There are other rules, too.

After the crash gets through the processing pipeline, the processed crash is saved to several places:

  1. Amazon S3

  2. Elasticsearch

  3. Amazon S3 (different bucket) to be ingested into the Telemetry data set

Investigated with Webapp aka Crash Stats

The webapp is located at https://crash-stats.mozilla.org.

The webapp lets you search through crash reports and facet on aspects of them with Super Search.

The webapp shows top crashers.

The webapp has a set of APIs for accessing data.

You can create an account in the webapp by logging in.

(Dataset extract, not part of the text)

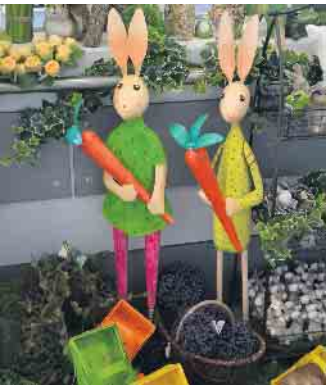
„Wir warten darauf, einen Liebhaber oder eine Liebhaberin zu finden“ - so geht es manchem Ausstellungstück des Baumarktes in Oberpleis

(bk) Oberpleis. Die passende Dekoration findet an Ostern nicht nur auf dem Esstisch, sondern auch im Eingangsbereich oder an anderen Stellen im Haus Platz. Entdecken sie die vielfältige Auswahl an Osterdekorationen im Baumarkt Klein. Das Sortiment umfasst lebendige Osterartikel in verschiedenen Farben und Formen, von klassischen Osterhasen bis hin zu modern gestalteten Ostereiern. Diese Dekorationen sind ideal, um das perfekte Osterambiente für Wohnzimmer, Küche oder Garten zu realisieren. So eignen sich Deko-Eier hervorragend für die Gestaltung von Osterkränzen, als Teil von Tischdekorationen oder einfach zum Verstecken im Garten. Jedes Ei ist ein klei-

By default, information in a crash report that’s personally identifiable information is hidden. This includes the user’s email address and the url the user was visiting when Firefox crashed.

Housekeeping with cronrun

We have a cronrun Django command that acts as a self-healing command runner that can run any Django command with specified arguments at scheduled times. We use it to run jobs that perform housekeeping functions in the crash ingestion pipeline like:

  1. updating product/version information

  2. updating regarding bugs associated with crash signatures

  3. updating “first time we saw this signature” type information

cronrun jobs that fail are re-run. Some cronrun jobs are set up to backfill, so if they fail, they will eventually run for all the times they needed to.

See also

Code (Jobs)

https://github.com/mozilla-services/socorro/

Documentation (Jobs)

https://socorro.readthedocs.io/

Socorro scheduled tasks (cronrun) documentation

Crontabber

Telemetry (External system)

Socorro exports a subset of crash data to Telemetry where it can be queried. It’s in the socorro_crash dataset.

See Telemetry (telemetry.socorro_crash) for more details.